La maternità surrogata, o utero in affitto, è vietato in Italia dalla legge 40 sulla procreazione assistita. Ma centinaia di coppie italiane, in gran parte eterosessuali, e in misura minore di omosessuali maschi, vanno all’estero per realizzare il loro (discusso) desiderio di genitorialità. Come è noto la maternità surrogata consiste nella pratica di utilizzare una donna esterna alla coppia, che presta il suo utero per portare avanti una gravidanza per altri. È consentita, tra gli altri, in alcuni stati dell’Est europeo, in Grecia, in California, in Canada, in Cambogia, in Thailandia. Le coppie tramite agenzie specializzate vengono messe in contatto con le portatrici, stipulano un contratto e pagano cifre che possono raggiungere anche 100mila euro.

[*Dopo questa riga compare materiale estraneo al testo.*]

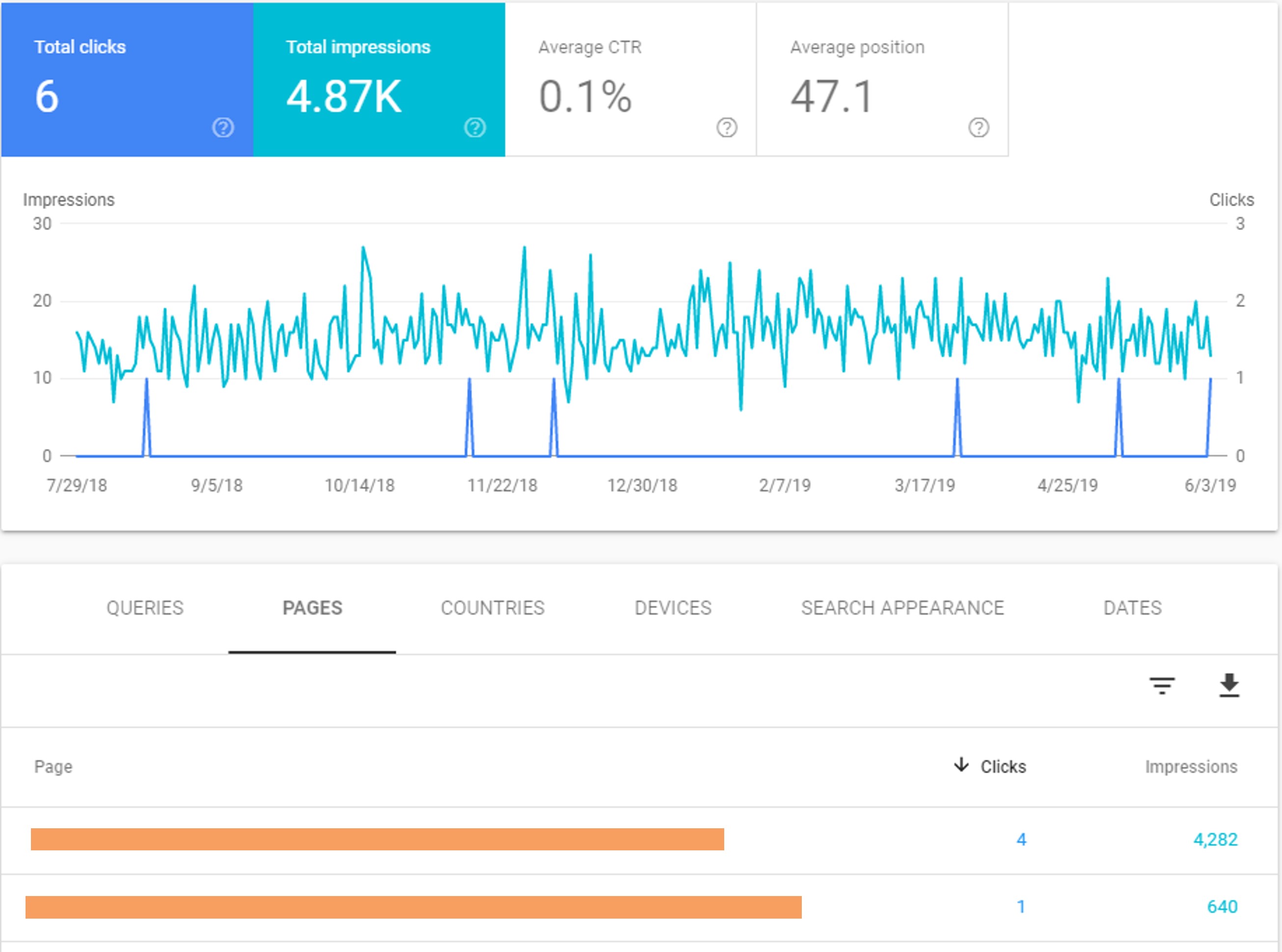 Therefore, neither of these pages were performing particularly well for this keyword. You can see that the impressions are very high but the clicks are very low, due to each page not ranking high enough to receive consistent clicks.
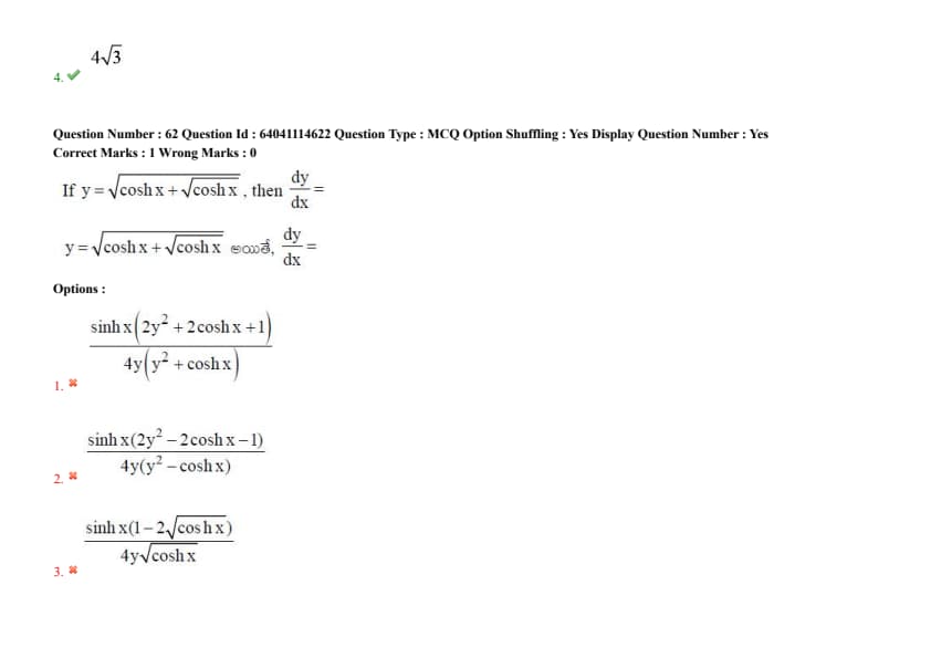 If \(y = \sqrt{\cosh x + \sqrt{\cosh x}}\), then \(\frac{dy}{dx} =\)
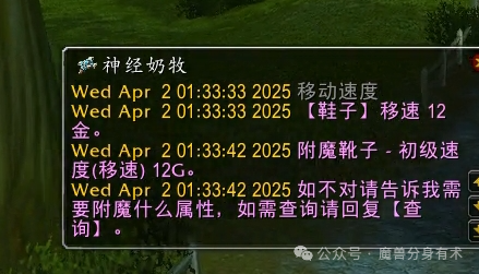 90%的魔兽玩家都吃过这个亏,我们都知道60版本和70版本,由于没有铭文这个专业,因此我们想附魔的话在拍卖行是,没有找到附魔卷轴给自己附魔的,这个时候在60版本和70版本,就会出现一些,站主城附魔的玩家,关键的是同一个移动速度的一个附魔,比如说我问的这个人,他要25金,然后我问别人只要12金,所以说附魔现在这个东西,差价特别的大,我们可以多问几个,这样可以帮我们省下大量的金币。

Quando tornano in Italia con i bambini le coppie etero rischiano una condanna per “alterazione di stato”, mentre per i gay il figlio risulta figlio unicamente del padre biologico ma non del compagno. Nonostante sia una pratica vietata in Italia, i tribunali oggi salvaguardano il legame tra genitori e figli.
( m. n. d. l.)
La pratica è vietata, ma i tribunali ormai la riconoscono nell’interesse del minore
( m. n. d. l)
Eterologa, la Spagna ancora terra promessa
Li avevamo chiamati i turisti della fertilità, i migranti della procreazione assistita, negli anni bui della legge 40. Quando cioè in Italia erano vietati l’eterologa, la diagnosi pre-impianto, il congelamento degli embrioni. Poi la legge è stata cambiata dalle sentenze della magistratura, e anche l’eterologa è diventata legale. Ma il turismo della procreazione, dopo una leggera flessione, è ricominciato. Perché l’eterologa in Italia è legale ma impossibile, visto che le banche di gameti, ovociti e sperma sono vuote e le liste d’attesa lunghissime. E sono vuote perché in Italia la donazione dei gameti non è incentivata in alcun modo, e dunque chi può continua ad andare all’estero, soprattutto in Spagna. Dove il problema delle banche vuote non c’è, perché donatrici e donatori vengono pagati, seppure poco. Ma dall’Italia emigrano anche le categorie escluse dalla legge sull’eterologa, cioè donne single e coppie di donne lesbiche. Dunque anche in questo caso il turismo dei diritti è una realtà, per chi può pagare e può andare all’estero. ( m. n. d. l)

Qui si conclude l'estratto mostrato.